Die türkische Regierung und ihre Justiz macht die HDP für diese Vorfälle verantwortlich. Als Beweismittel werden in der 3530 Seiten langen Anklageschrift unter anderem Berichte über die politischen Aktivitäten der Beschuldigten sowie ihre Äußerungen und Interviews herangezogen, die bei ANF veröffentlicht worden sind. Insgesamt sind 413 Seiten unserer Berichterstattung gewidmet worden, weil wir als erstes Medium vom Protestaufruf der HDP-Zentrale berichtet hatten.
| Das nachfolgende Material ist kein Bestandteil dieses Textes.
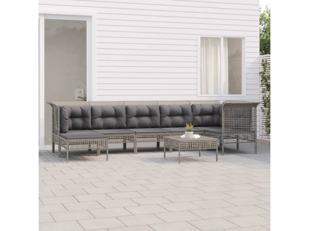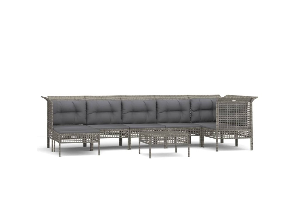 8dílná zahradní sedací souprava s poduškami šedá polyratan 3187551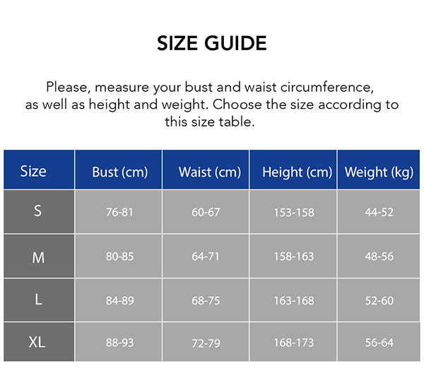 Aktiiviset naiset tarvitsevat märkäpuvun, joka on tehty juuri heille! THREO-märkäpuku myötäilee vartalon muotoja ja on suunniteltu tarjoamaan naisen keholle täydellinen kelluvuus. Anatomisesti leikatut kaavat takaavat ensiluokkaisen mukavuuden ja erinomaisen istuvuuden. Tämä vedenpitävä märkäpuku on valmistettu laadukkaasta joustavasta neopreenista ja erittäin elastisesta nailonkankaasta, jonka paksuus on 3 mm. Se on pehmeä ja mukava pitkäaikaiseen käyttöön vedessä. 3 mm neopreenimärkäpuku tarjoaa paremman eristyksen ja voi hidastaa kehon lämpötilan laskua. Se tarjoaa lämpöä, mukavuutta ja suojaa auringolta samalla kun säilyttää täyden liikkumisvapauden melontaan.
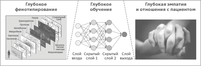 Эта книга описывает следующую после оцифровки и демократизации фазу — и имеет очень далекоидущие цели. Возможно, на вас производит определенное впечатление мой интерес к новым технологиям, однако на самом деле я всегда мечтал и мечтаю о возрождении истинно гуманистического элемента медицинской практики. С глубоким обучением мы получим некий остов, каркас, что позволит нам питать корни медицины, — это будут узы, связывающие человека с человеком. Несмотря на то, что мы пока полностью не добились ни оцифровки, ни демократизации медицины, все же и то и другое медленно, но неуклонно завоевывает позиции, и я верю, что нам удастся не только завершить этот процесс, но и привнести в самое сердце медицины искусственный интеллект. Кульминацией этого процесса и станет то, что я называю «истинная медицина».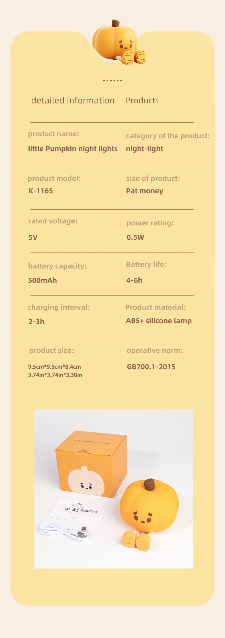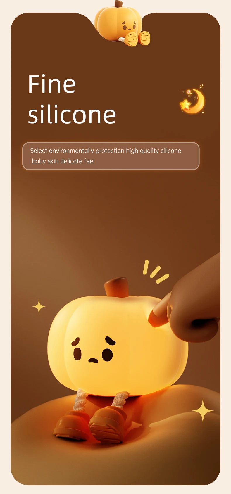 1 pequeña calabaza luz nocturna Linda lámpara de silicona suave decoración de la habitación decoración de la cama regulable temporizada regalo de cumpleaños del bebé de los niños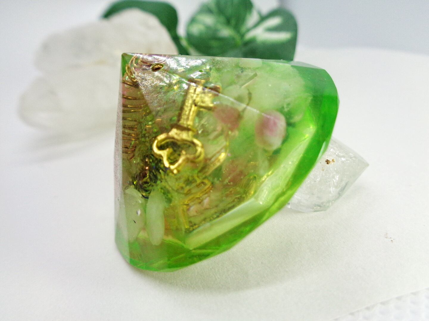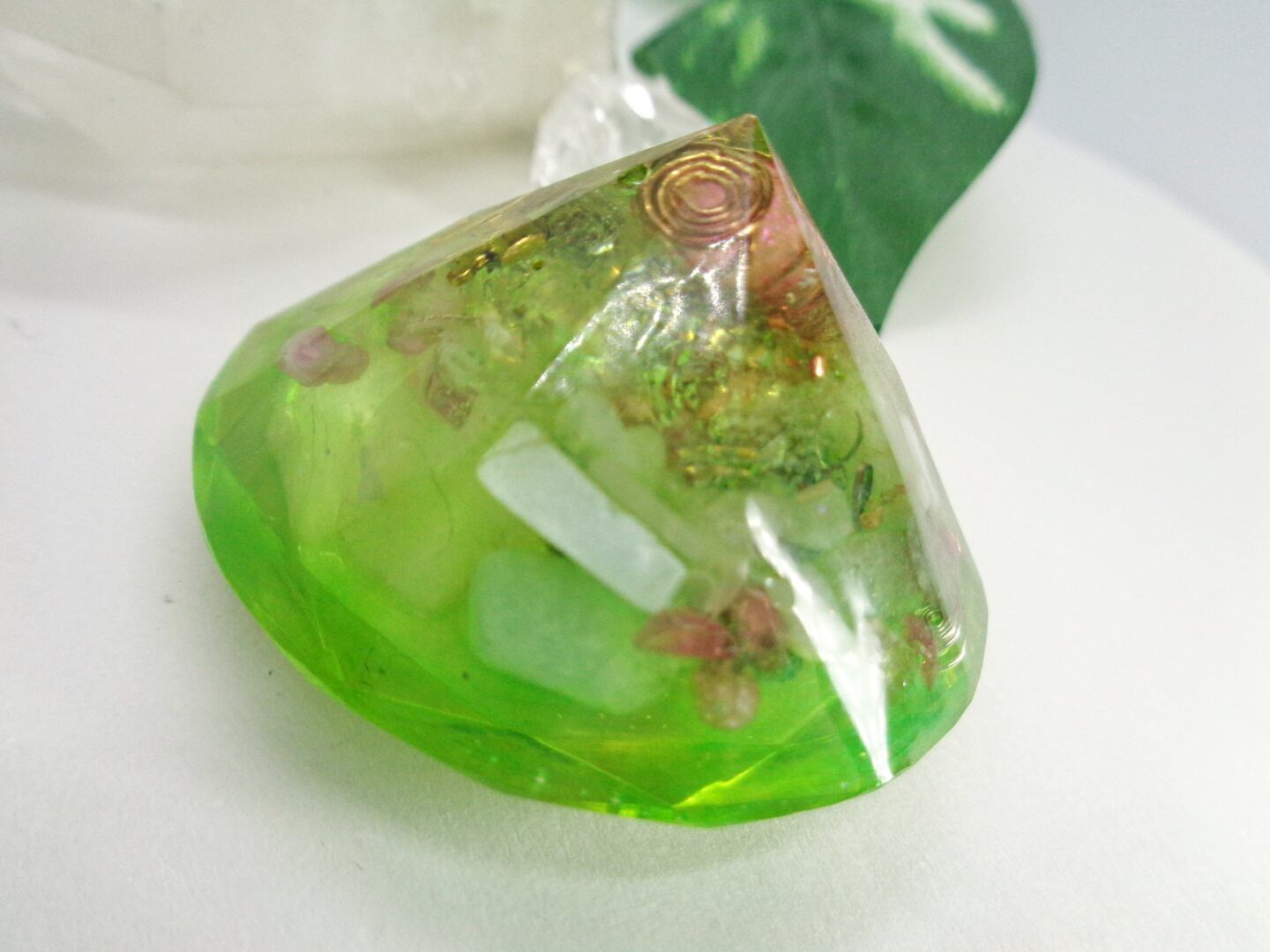 ダイヤ型オルゴナイト ご縁結び 恋愛運アップ グリーンkest16
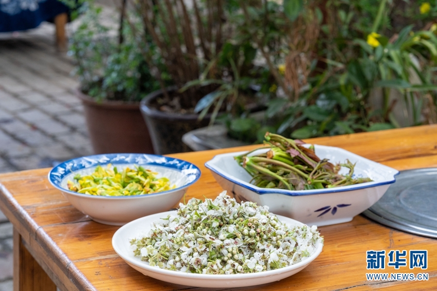 三种常见的春菜,从左至右分别为金雀花、棠梨花、香椿(摄于3月21日)。新华网发(罗新才/摄)

Weitere 62 Seiten behandeln die „Strukturen von PKK/KCK“, auf deren Anweisung der frühere HDP-Vorsitzende Selahattin Demirtaş nach Auffassung des Oberstaatsanwalts mehrere Erklärungen abgegeben haben soll, unter anderem nach einem Besuch in Kobanê am 30. September 2014.

Neben mehr als 2.500 Einzelpersonen treten auch etliche Ministerien, Behörden, und Parteien als Nebenkläger auf, darunter die Ministerien für Inneres, Justiz und Verteidigung, das Ministerium für Arbeit, Soziales und Familie, die Zentralbehörde der türkischen Polizei, der türkische Geheimdienst (MIT), die Koalitionsparteien AKP und MHP, die CHP und die Hizbullah-nahe Partei Hüda Par. Die 82 Personen aus den HDP-Strukturen, die im vergangenen September von der Oberstaatsanwaltschaft Ankara zur Fahndung ausgeschrieben worden waren, gehören zu den insgesamt 108 Angeklagten im Kobanê-Verfahren.